They don’t have to answer to anyone but themselves
“You’re weird.”
“Thanks!”
What does being weird mean to you? Being different? Being quirky? Being provacative? Can you only define it relationally, as being not-normal?
Weird is a word weighed down by so many connotations it’s difficult to use with clarity. Even if we could objectively define weird, there’d be a weird scale that probably correlates directly with our own sense of confidence and weirdness. Viewed with the most positive connotation, weirdness is just another word for confidence.
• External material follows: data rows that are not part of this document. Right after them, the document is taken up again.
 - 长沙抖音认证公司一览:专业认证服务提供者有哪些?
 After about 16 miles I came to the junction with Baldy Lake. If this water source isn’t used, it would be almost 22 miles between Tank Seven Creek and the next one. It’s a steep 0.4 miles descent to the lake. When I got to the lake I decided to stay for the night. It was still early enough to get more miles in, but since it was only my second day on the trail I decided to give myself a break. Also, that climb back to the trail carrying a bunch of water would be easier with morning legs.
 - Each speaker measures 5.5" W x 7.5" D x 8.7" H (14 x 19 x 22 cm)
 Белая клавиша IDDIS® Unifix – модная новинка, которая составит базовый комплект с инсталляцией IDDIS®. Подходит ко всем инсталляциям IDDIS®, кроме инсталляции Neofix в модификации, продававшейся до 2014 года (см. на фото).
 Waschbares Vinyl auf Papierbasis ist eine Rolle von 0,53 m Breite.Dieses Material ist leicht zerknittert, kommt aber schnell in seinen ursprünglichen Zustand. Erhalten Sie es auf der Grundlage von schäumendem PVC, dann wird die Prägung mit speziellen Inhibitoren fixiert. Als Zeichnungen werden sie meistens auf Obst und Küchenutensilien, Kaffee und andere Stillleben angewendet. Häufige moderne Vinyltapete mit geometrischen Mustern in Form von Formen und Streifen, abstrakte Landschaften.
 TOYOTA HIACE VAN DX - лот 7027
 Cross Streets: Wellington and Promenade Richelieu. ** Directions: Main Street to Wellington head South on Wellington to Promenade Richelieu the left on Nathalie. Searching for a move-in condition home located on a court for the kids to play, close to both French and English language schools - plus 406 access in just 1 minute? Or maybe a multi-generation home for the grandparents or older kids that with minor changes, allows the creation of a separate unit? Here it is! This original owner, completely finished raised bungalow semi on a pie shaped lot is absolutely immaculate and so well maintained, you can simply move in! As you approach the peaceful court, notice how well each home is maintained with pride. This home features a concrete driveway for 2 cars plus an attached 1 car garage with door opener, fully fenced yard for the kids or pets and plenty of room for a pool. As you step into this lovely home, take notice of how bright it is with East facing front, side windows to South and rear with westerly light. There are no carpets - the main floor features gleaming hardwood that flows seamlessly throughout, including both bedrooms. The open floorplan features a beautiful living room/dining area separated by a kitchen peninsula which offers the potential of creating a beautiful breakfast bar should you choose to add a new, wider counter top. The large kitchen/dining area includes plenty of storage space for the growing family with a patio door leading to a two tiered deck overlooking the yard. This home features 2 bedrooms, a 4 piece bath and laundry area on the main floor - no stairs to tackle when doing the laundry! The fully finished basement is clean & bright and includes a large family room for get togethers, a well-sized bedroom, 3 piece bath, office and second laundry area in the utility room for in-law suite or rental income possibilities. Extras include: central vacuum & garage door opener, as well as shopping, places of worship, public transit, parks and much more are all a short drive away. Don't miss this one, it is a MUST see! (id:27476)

Someone who is weird is confident in who they are. They defy the conventions of “normal”, of society, of convention itself, because they believe in who they are. They aren’t phased by outside pressure, always being true to themselves. And isn’t that something we all strive for?
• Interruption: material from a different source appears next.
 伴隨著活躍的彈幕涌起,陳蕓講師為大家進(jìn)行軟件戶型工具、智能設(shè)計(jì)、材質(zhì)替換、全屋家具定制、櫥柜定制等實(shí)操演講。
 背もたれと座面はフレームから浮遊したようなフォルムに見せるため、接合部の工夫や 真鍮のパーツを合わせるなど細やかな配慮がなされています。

In Why Weirdos Outperform Normals, the author points out a number of successful entrepreneurs—our contemporaries—naming their quirks. They fanatically watch football, eat Fritos, annoy people, try different things, fail, succeed, and are honest … sounds a lot like confidence, right?
We’ve already talked about how doing weird things can make you more creative—here’s a snippet: “Surprise someone. Surprise yourself. Do things that you wouldn’t normally do; that no one “normal” does. Don’t hurt anyone and don’t hurt yourself, but step outside of your patterns for the sake of art.” But what about simply BEING weird?
What if you were to embrace your weirdness—that is, who you are, without caving to any societal pressure? Not foregoing social norms, which can be positive, healthy constructions, but simply stepping outside of the patterns. Stepping outside social patterns, outside your patterns, outside of fear and into the light of your own power.
It might look a little weird in that light.